Es difícil explicar qué le ha pasado a Toronto. El Distrito Financiero amenaza extenderse sobre todos lados y las obsoletas autopistas del pasado (sí, aquí el pasado requería de autopistas) están a punto de ser demolidas para construir más edificios de espejos de mil tonos, como muestrarios de anteojos de free shop.
Constanza, una amiga que trabaja en la universidad, acaba de obtener la ciudadanía canadiense para toda su familia. Porque Canadá está diseñado para hacer de los extranjeros canadienses. O al menos, de algunos extranjeros. Por haberse convertido, durante el primer año de bienvenida obtienen descuentos en trenes y en insólitos programas de canadización para todos y todas. Este mes fue un curso de campamento. Ellos, que jamás pisaron el camping Splash de Santa Teresita, vacación obligada de mi infancia, son introducidos en los secretos de la carpa y de la estaca como parte de su proceso de entender que a los canadienses les encanta dormir al amparo de la naturaleza extrema.
Tal vez envidio en calma estos programas.

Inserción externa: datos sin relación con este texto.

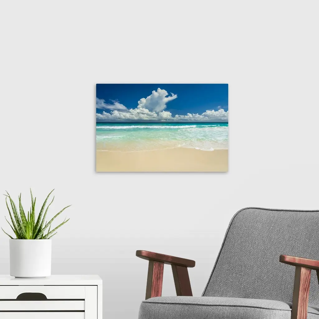 Africa, Seychelles, La Digue. Beach, sand, waves, clouds at Grand Anse.
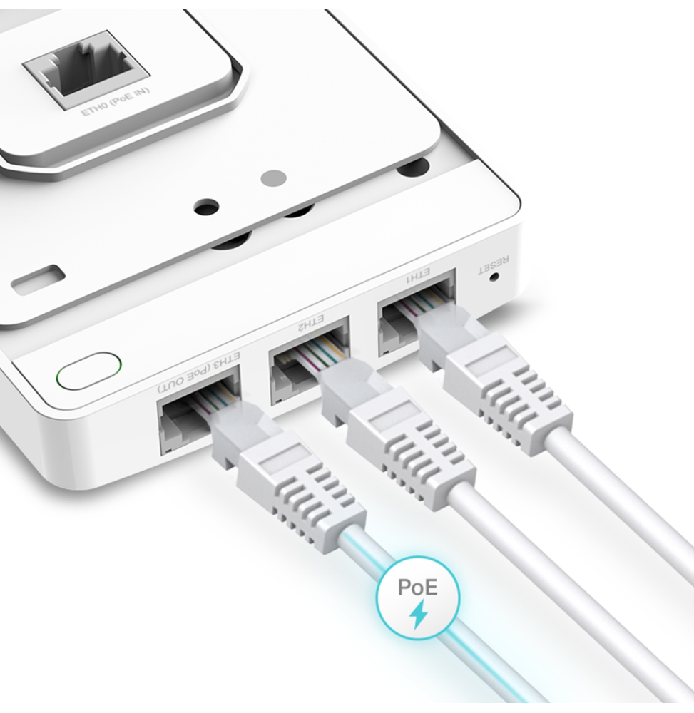 - 4 ports Gigabit : 4 ports Gigabit Ethernet (1 × liaison montante + 3 × liaison descendante), avec un port de liaison descendante prenant en charge le pass-through PoE pour alimenter l'appareil filaire. ‡

Las ilusiones culturales que cada país planifica para sí mismo son artilugios fascinantes, en lo político y en lo imaginario, puesto que ambas cosas son la misma. ¿En qué consistiría tal programa para nacionalizarse argentino? ¿Cursos de asado con cuero? ¿Rimas en lunfardo? ¿Reconocimiento compulsivo de mentiras en el truco? ¿De qué formalidades se ufana nuestra nación como para pretender transmitirlas con la carta de ciudadanía?
No se me ocurre nada serio.
Tal vez la identidad –una cosa muy necesaria– no sea en realidad algo muy serio.